Output the lines of the records exactly, from the first through the one containing "Schuyler Ave. Elementary". Omit all pictures.

━━━━━━━━━━━━━━━━━━━━

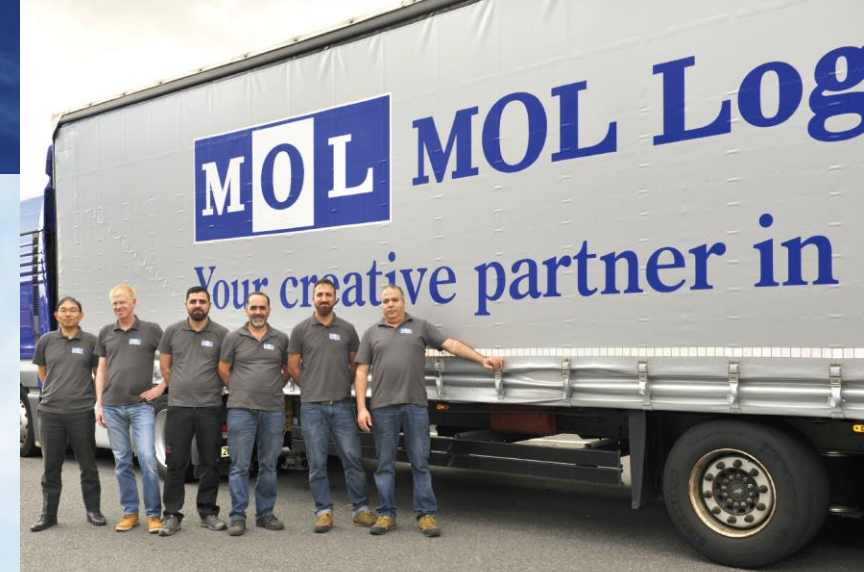
Operating our own trailers all over the world

In addition, MOL Logistics offers container transport services within the EU, and gateway services in Europe, Eastern Europe, and Russia.
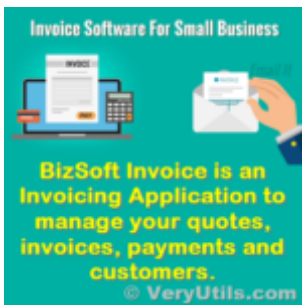
VeryUtils Online Invoices: Online Billing & Invoices Management Software
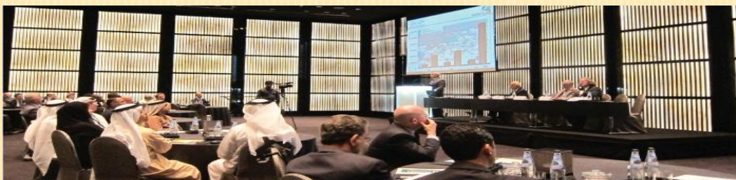
Delegates listening to presentations at the conference at the Armani Hotel
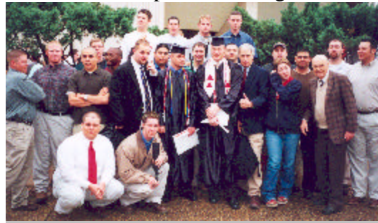
Graduation: December 2001
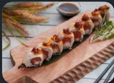
Monkey Jumps Roll
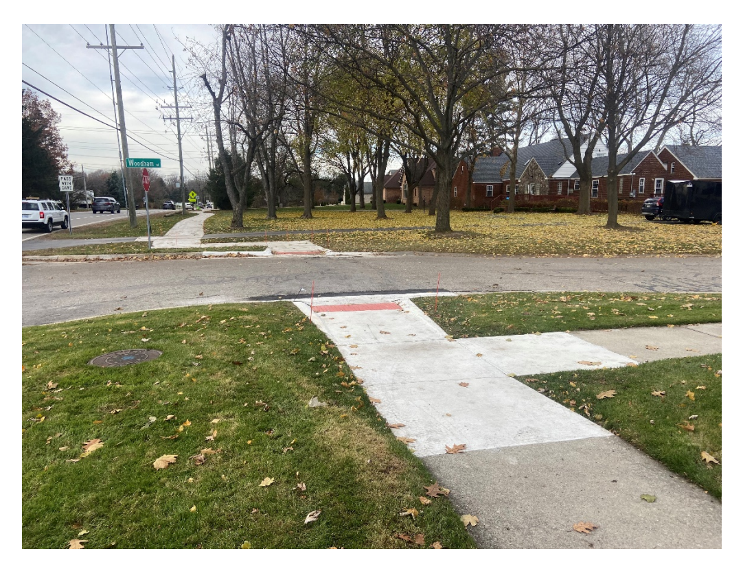
After - East side of Woodham Road, looking west
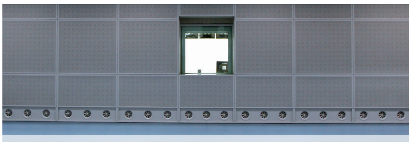
Indoor shooting range, Düsseldorf, Germany Guaranteed protection of the shooter against harmful gases and respirable dusts
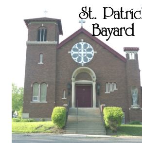
St. Patrick Bayard
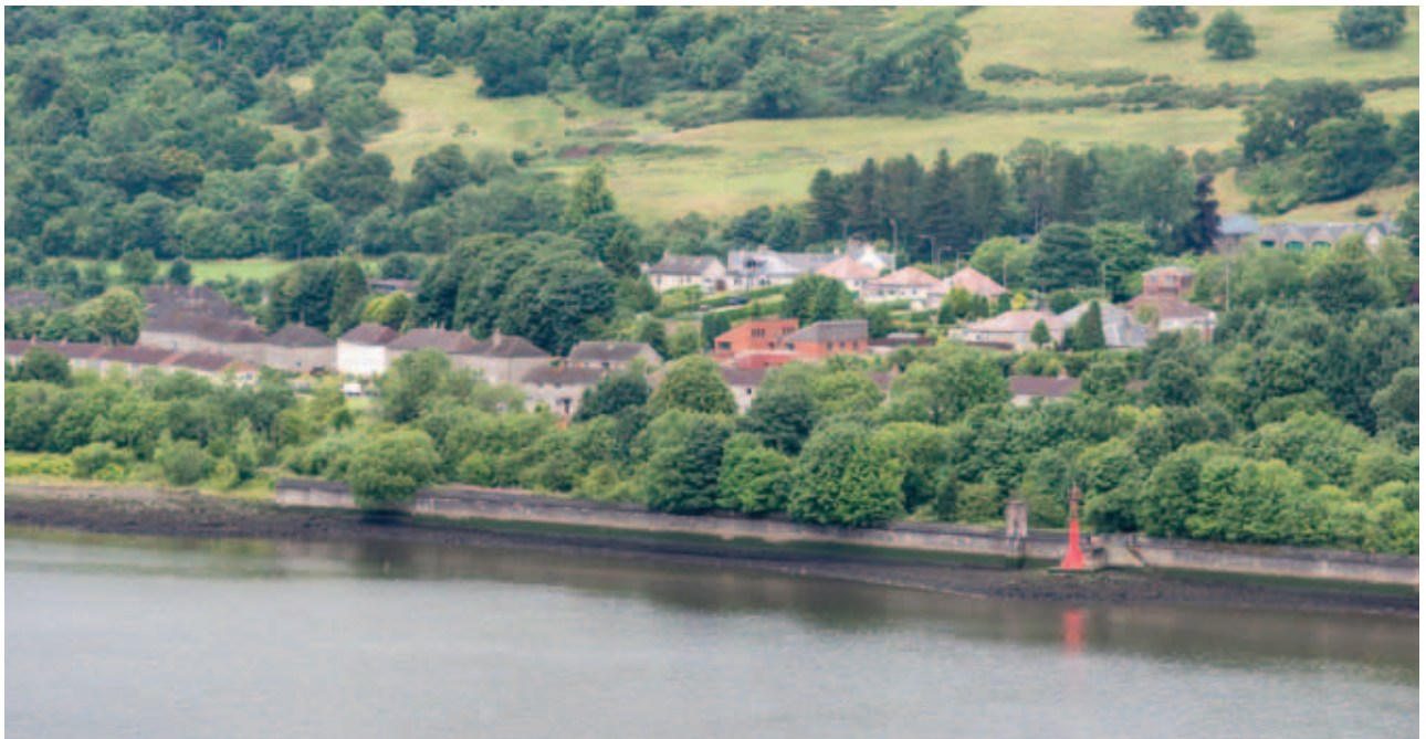
Olk Kilpatrick, site of the most westerly Roman fort on the Antonine Wall

It is hoped that by the end of this five-year management Plan period, the Antonine Wall will be more strongly positioned as a national and international visitor destination, that management and monitoring approaches will be more closely aligned internationally and, crucially, that people should continue to have the opportunity to actively contribute to the development of the World Heritage Site.
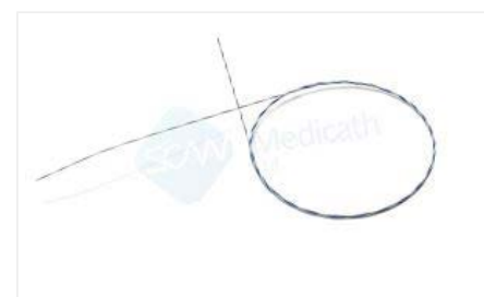
Zebra Guide Wires
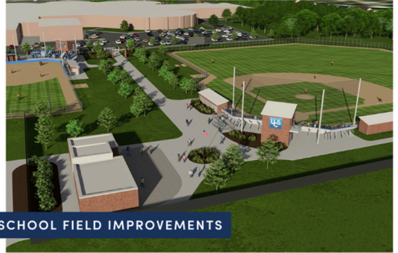
EISENHOWER HIGH SCHOOL FIELD IMPROVEMENTS
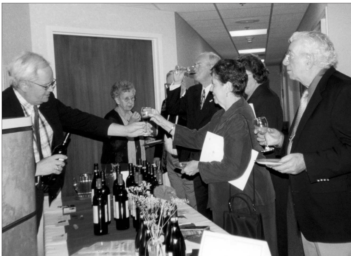
Guests at Phoenix Community Cancer Center's Wine Tasting enjoyed sampling fine wines from around the globe as they mingled with friends.
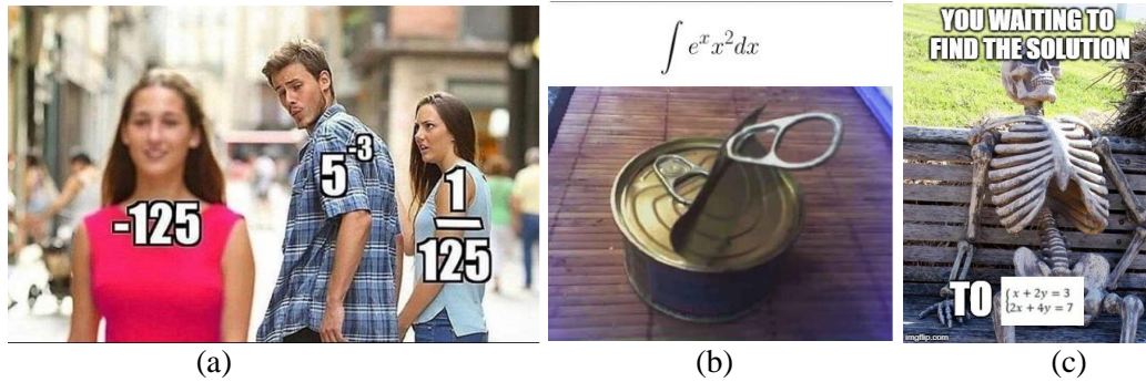
Figure 2: Examples of mathematical memes

within assiduously frequented thematic groups on social media like Facebook or Instagram, which act as veritable and spontaneous communities of practice, where knowledge is shared in a process of collective learning [8]. In this part of the workshop, we will share information about these thematic groups, and use the triple-s construct exposed above to unpack together the layered meanings of some selected examples picked within these groups, created by teachers (the first author) or by students during teaching experiments. Here below we provide examples of these three categories, with the aforesaid analysis.
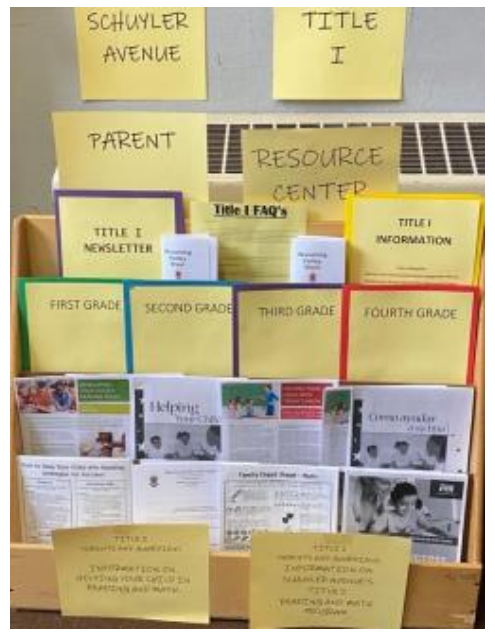
Schuyler Ave. Elementary

Don't forget to visit the Title | Parent Resource Center at your child's elementary school. Educational resources such as brochures, reading & math strategies, books, and more are available for you to take home (resources may vary between schools.) All resources are FRFF!
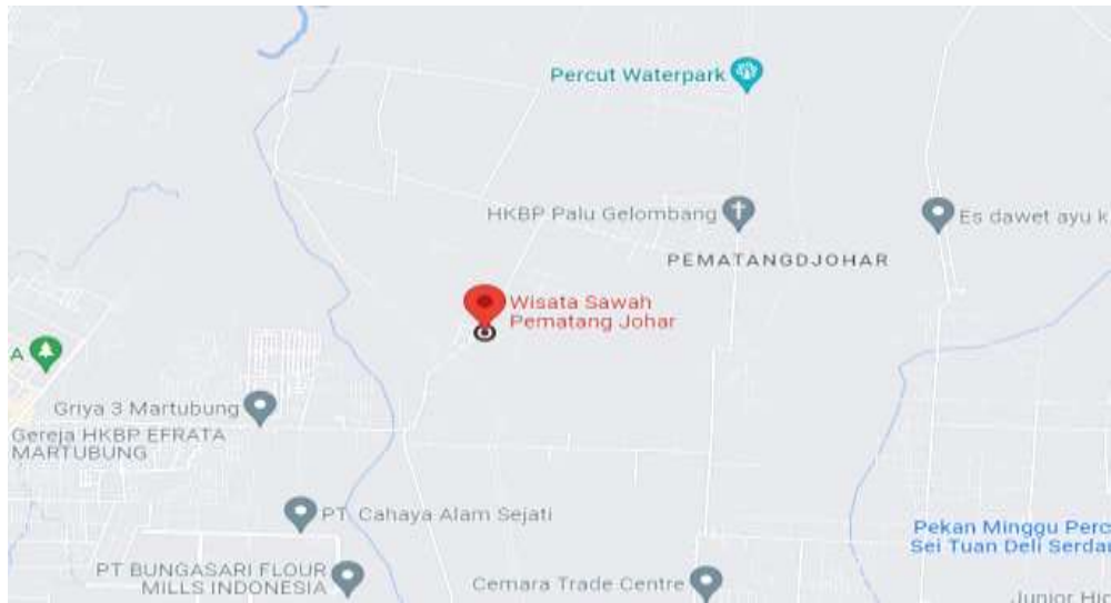
Figure 1. Google Maps Research Site

microbiology testing was carried out at Medan Regional Health Laboratory (Labkesda).
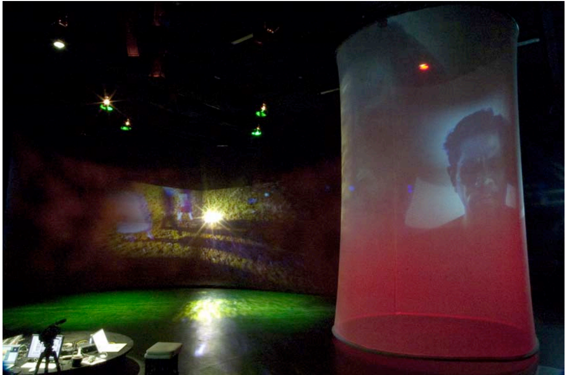
At the rear of the photograph a large black scrim is projected onto by four projectors, whilst the white circular scrim at the right is lit and projected on by two projectors.
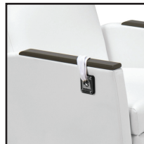
Restraint Strap Loop AL-87037
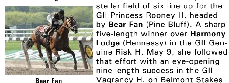
Bear Fan

Six stakes races totaling $1.75 million make for another exciting rendition of Calder's Summit of Speed. A
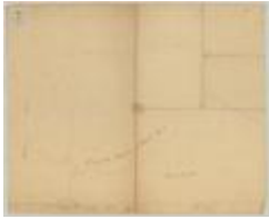
Map of Lake's Patent, adjoining the Wallumschack Patent. Map #770A (NYS A0273-78_770A)
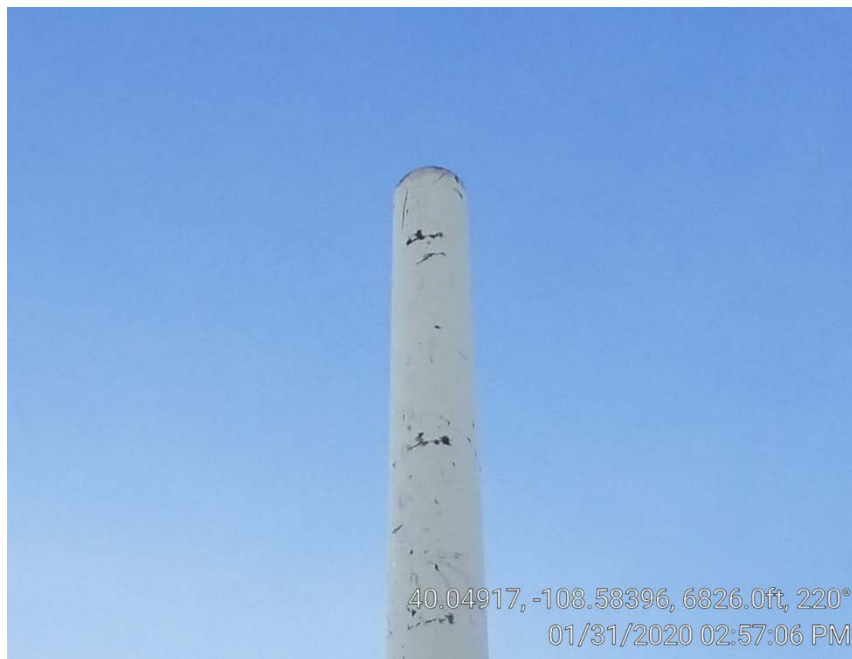
Photo 8. No apparent bird screen on tank vent on 1-31-2020.
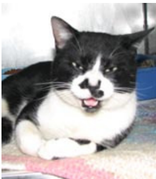
#257 Jonah-Sponsored (Domestic Short Hair-black and white)
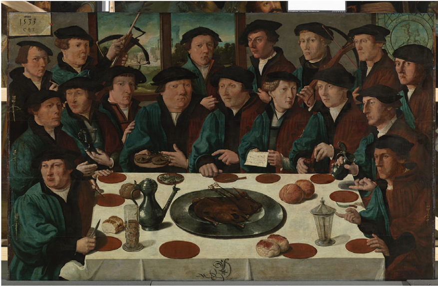
Figure 5. Cornelis Anthonisz, Banquet of the Crossbow Confraternity St Joris , in Amsterdam, 1533. Amsterdam, Amsterdams Historisch Museum, SA 7279. ( http://hdl.handle.net/11259/collection.38424 ). With two costly wine glasses for ceremonial drinking displayed on the table.

income loss. 52 New members (typically sons of sitting members, including illegitimate sons) were initiated at a collective drinking event of the brethren ( fratribus congregatis et eorum ghilde bibentibus ) that took place each year around the first day of February. 53 This would have taken place most plausibly at a public venue with sufficient seating space and serving wine, such as an inn or tavern. On these occasions, members would sit together rubbing shoulders, sharing wine and food. Given that the confraternity included clerics and lay people alike, it is likely that not only business information was exchanged, but also religious guidance was offered, and that the brethren also discussed religious topics.
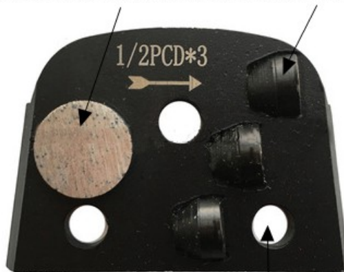
Hole: Three Bare Holes

If you are interested in our products, you can click on me.
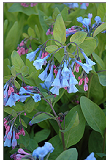
Virginia Bluebells flowers

Virginia Bluebells will grow to be about 18 inches tall at maturity, with a spread of 18 inches. Its foliage tends to remain dense right to the ground, not requiring facer plants in front. It grows at a medium rate, and under ideal conditions can be expected to live for approximately 5 years. As an herbaceous perennial, this plant will usually die back to the crown each winter, and will regrow from the base each spring. Be careful not to disturb the crown in late winter when it may not be readily seen! As this plant tends to go dormant in summer, it is best interplanted with late-season bloomers to hide the dying foliage.
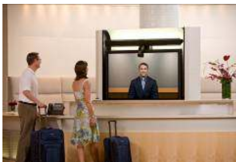
Figure 6. Cisco TelePresence Expert on Demand Delivers Virtual Customer Service and Point-of-Sale Services]
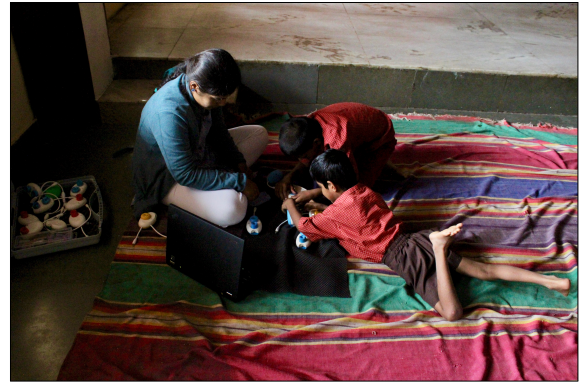
Figure 2: Children intensely at play

We find that children struggled and had frustrations with the devices as they didn't always work in ways expected, but also expressed joy at accidental discoveries that involved some stimulus such as sounds playing. In the Evaluation Section, we use the diary entries and observations to identify vignettes that convey the acquisition of the target skills during play.
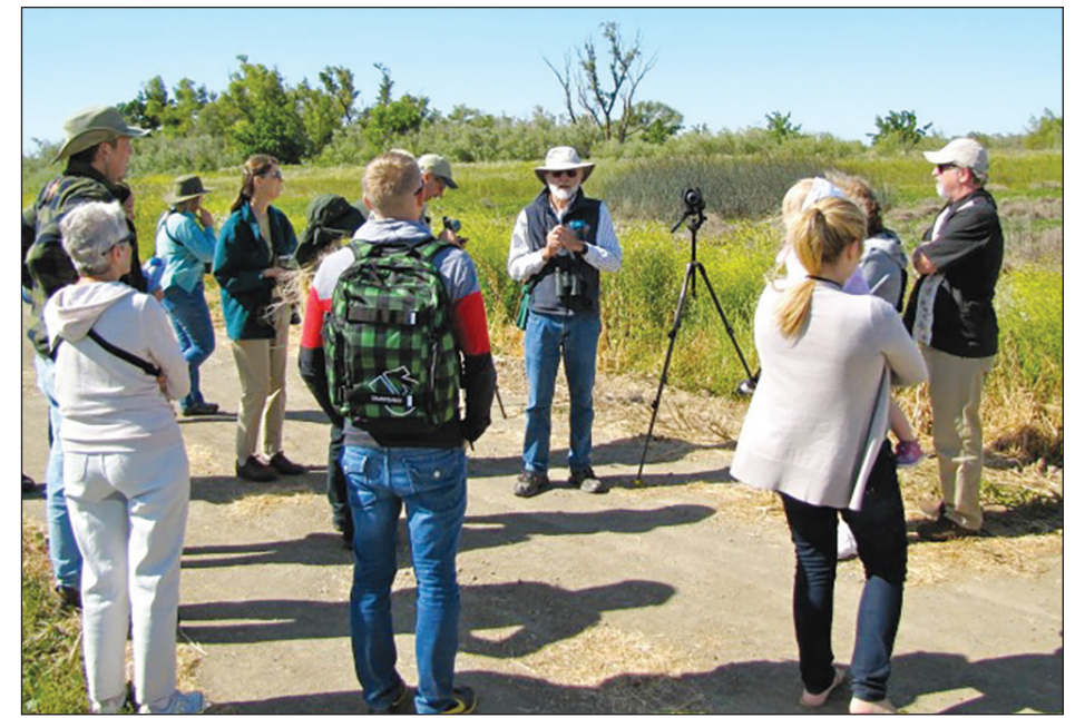
A tour group learns about the Yolo Bypass Wildlife Area.
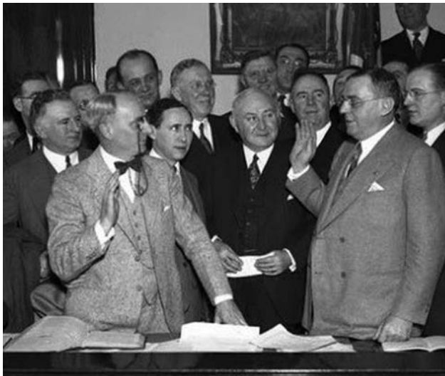
Fig. 2 Cermak sworn into office as the mayor of Chicago (April 7, 1931).

Cermak's recovery was again short-lived because he was back in Florida on January 11, 1932, this time resting
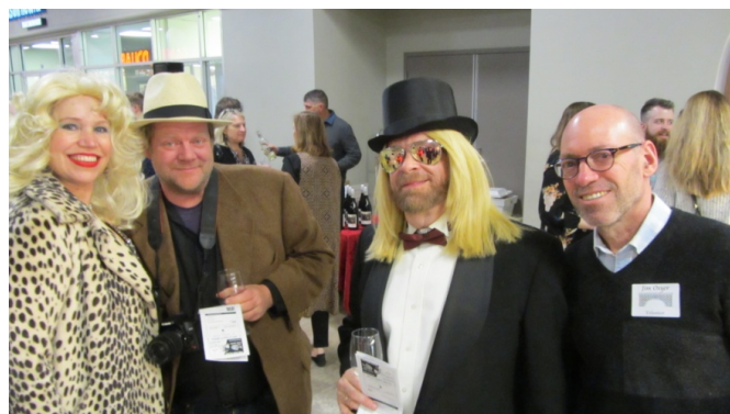
Hollywood stars enjoying the red carpet event.

The 11 th Annual Tyler Park Neighborhood Association Wine Tasting was held on Sunday, January 28th, at the Mid City Mall. Attendees were greeted on the red carpet as they entered the Hollywood-themed venue. The event featured California wines from the Wine Market, a variety of tasty hors d'oeuvres from ValuMarket's catering department, and an outstanding selection of award-winning cheeses from ValuMarket's deli department. ValuMarket's floral department provided the beautiful flower arrangements that decorated the venue. Proceeds from the fund raising event totaled $2500, and benefited Beechwood Park, a new pocket park located on Beechwood Ave.
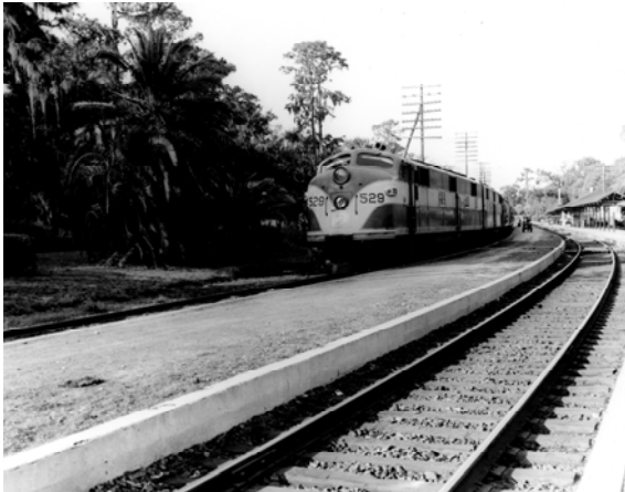
ACL's purple and silver E7A #529, only a year and a half old, with a south bound train, probably the West Coast Champion, has made a stop at Winter Park's second depot on January 8, 1947.
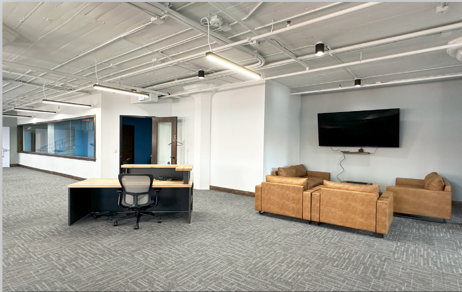
2ND FLOOR 4,050 SF +/- ENTRY VIEW (EAST)
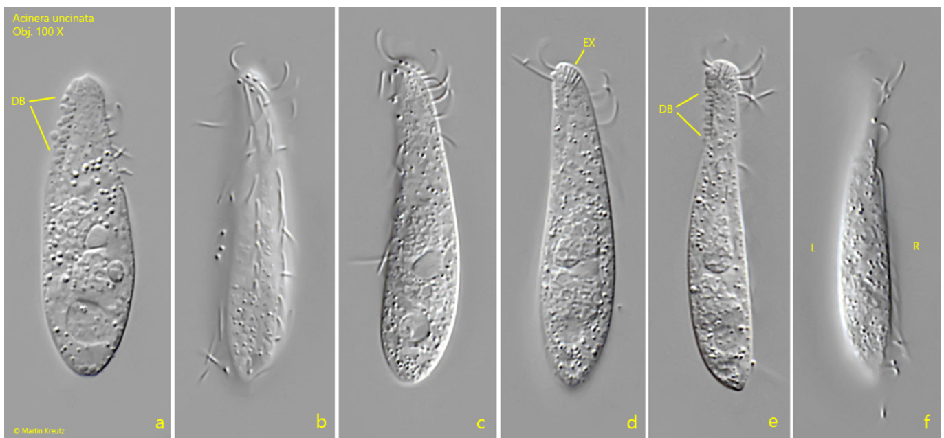
Fig. 2 a-f: Acinera uncinata . L = 36 \mu m. A second freely swimming specimen from right (a-d) and from dorsal (e, f). DB = dorsal brush, EX = extrusomes, L = left side, R = right side. Obj. 100 X.

━━━━━━━━━━━━━━━━━━━━

» **Result**:
Operating our own trailers all over the world

In addition, MOL Logistics offers container transport services within the EU, and gateway services in Europe, Eastern Europe, and Russia.
VeryUtils Online Invoices: Online Billing & Invoices Management Software
Delegates listening to presentations at the conference at the Armani Hotel
Graduation: December 2001
Monkey Jumps Roll
After - East side of Woodham Road, looking west
Indoor shooting range, Düsseldorf, Germany Guaranteed protection of the shooter against harmful gases and respirable dusts
St. Patrick Bayard
Olk Kilpatrick, site of the most westerly Roman fort on the Antonine Wall

It is hoped that by the end of this five-year management Plan period, the Antonine Wall will be more strongly positioned as a national and international visitor destination, that management and monitoring approaches will be more closely aligned internationally and, crucially, that people should continue to have the opportunity to actively contribute to the development of the World Heritage Site.
Zebra Guide Wires
EISENHOWER HIGH SCHOOL FIELD IMPROVEMENTS
Guests at Phoenix Community Cancer Center's Wine Tasting enjoyed sampling fine wines from around the globe as they mingled with friends.
Figure 2: Examples of mathematical memes

within assiduously frequented thematic groups on social media like Facebook or Instagram, which act as veritable and spontaneous communities of practice, where knowledge is shared in a process of collective learning [8]. In this part of the workshop, we will share information about these thematic groups, and use the triple-s construct exposed above to unpack together the layered meanings of some selected examples picked within these groups, created by teachers (the first author) or by students during teaching experiments. Here below we provide examples of these three categories, with the aforesaid analysis.
Schuyler Ave. Elementary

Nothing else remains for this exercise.